▸ **PROMPT**
Should pictures appear among the records, leave them out, and copy exactly only the lines from the first through the one with "ドレンホースの先には防虫キャップを取り付けます。", inclusive.

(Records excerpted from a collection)
========

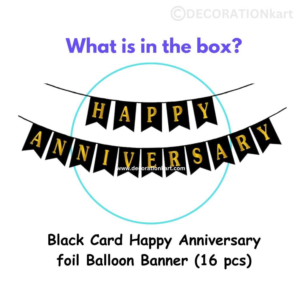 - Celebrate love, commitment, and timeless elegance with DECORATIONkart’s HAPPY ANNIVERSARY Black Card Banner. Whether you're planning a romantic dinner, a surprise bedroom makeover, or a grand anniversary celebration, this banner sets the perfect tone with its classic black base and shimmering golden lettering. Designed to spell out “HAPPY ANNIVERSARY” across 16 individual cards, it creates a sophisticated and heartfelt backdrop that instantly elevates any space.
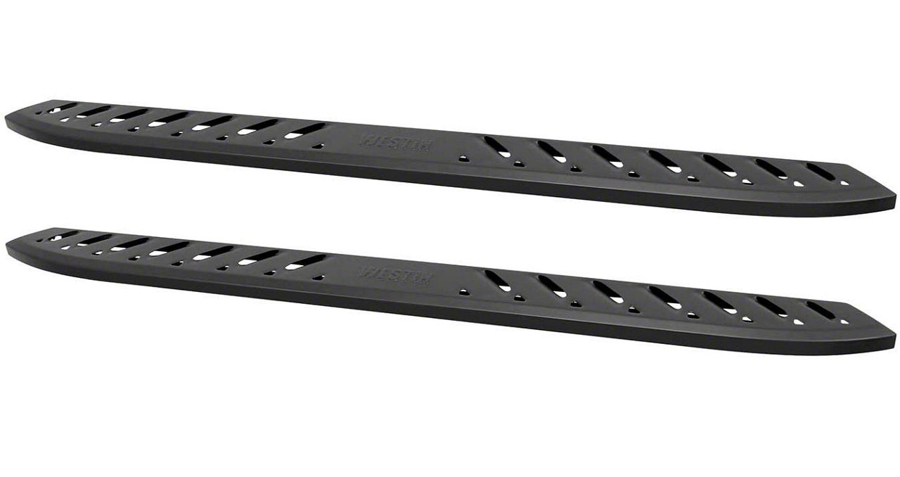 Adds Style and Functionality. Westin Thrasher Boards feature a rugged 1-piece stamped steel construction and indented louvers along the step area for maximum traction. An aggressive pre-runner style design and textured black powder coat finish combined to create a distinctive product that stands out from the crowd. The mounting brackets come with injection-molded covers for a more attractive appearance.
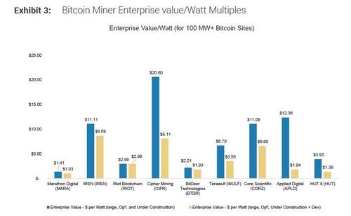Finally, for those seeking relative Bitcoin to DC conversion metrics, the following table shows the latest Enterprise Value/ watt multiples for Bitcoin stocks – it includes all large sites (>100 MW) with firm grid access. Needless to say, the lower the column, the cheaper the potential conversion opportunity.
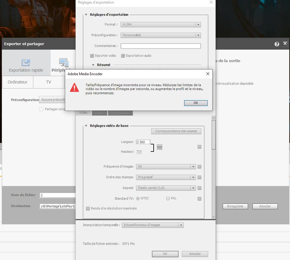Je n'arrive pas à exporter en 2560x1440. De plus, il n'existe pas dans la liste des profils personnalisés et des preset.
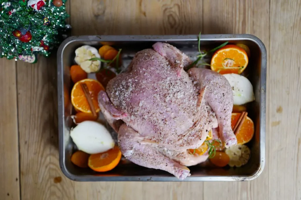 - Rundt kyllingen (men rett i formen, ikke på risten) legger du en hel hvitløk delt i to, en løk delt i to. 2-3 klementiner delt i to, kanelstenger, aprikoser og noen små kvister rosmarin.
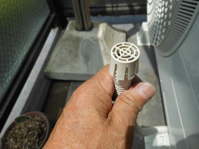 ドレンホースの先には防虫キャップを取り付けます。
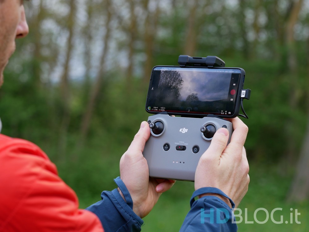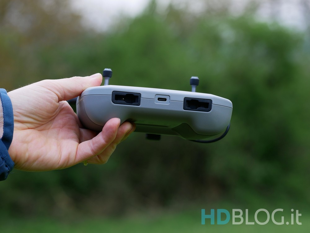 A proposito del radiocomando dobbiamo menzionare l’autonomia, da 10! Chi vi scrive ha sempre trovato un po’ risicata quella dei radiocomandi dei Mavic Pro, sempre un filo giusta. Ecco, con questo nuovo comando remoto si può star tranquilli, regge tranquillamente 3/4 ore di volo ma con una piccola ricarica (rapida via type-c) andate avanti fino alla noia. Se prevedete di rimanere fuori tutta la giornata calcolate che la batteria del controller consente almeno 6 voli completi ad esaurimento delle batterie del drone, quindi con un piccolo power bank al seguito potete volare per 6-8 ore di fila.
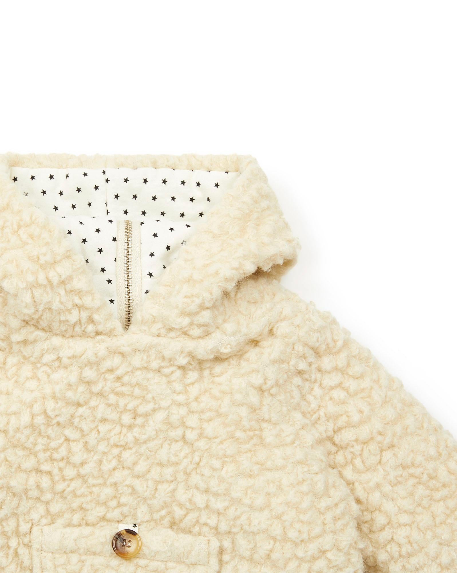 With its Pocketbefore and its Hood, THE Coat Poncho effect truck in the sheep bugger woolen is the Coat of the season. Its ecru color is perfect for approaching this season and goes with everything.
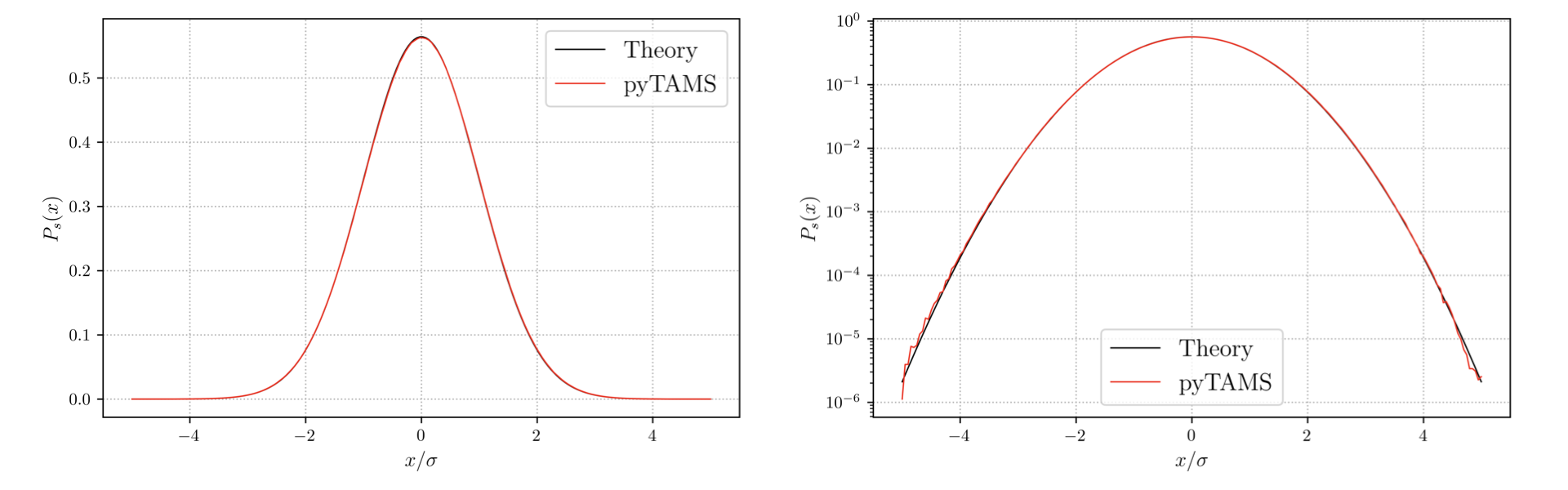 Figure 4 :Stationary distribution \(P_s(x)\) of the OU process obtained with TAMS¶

========

▸ **REPLY TO THE EXERCISE**
 - Celebrate love, commitment, and timeless elegance with DECORATIONkart’s HAPPY ANNIVERSARY Black Card Banner. Whether you're planning a romantic dinner, a surprise bedroom makeover, or a grand anniversary celebration, this banner sets the perfect tone with its classic black base and shimmering golden lettering. Designed to spell out “HAPPY ANNIVERSARY” across 16 individual cards, it creates a sophisticated and heartfelt backdrop that instantly elevates any space.
 Adds Style and Functionality. Westin Thrasher Boards feature a rugged 1-piece stamped steel construction and indented louvers along the step area for maximum traction. An aggressive pre-runner style design and textured black powder coat finish combined to create a distinctive product that stands out from the crowd. The mounting brackets come with injection-molded covers for a more attractive appearance.
Finally, for those seeking relative Bitcoin to DC conversion metrics, the following table shows the latest Enterprise Value/ watt multiples for Bitcoin stocks – it includes all large sites (>100 MW) with firm grid access. Needless to say, the lower the column, the cheaper the potential conversion opportunity.
Je n'arrive pas à exporter en 2560x1440. De plus, il n'existe pas dans la liste des profils personnalisés et des preset.
 - Rundt kyllingen (men rett i formen, ikke på risten) legger du en hel hvitløk delt i to, en løk delt i to. 2-3 klementiner delt i to, kanelstenger, aprikoser og noen små kvister rosmarin.
 ドレンホースの先には防虫キャップを取り付けます。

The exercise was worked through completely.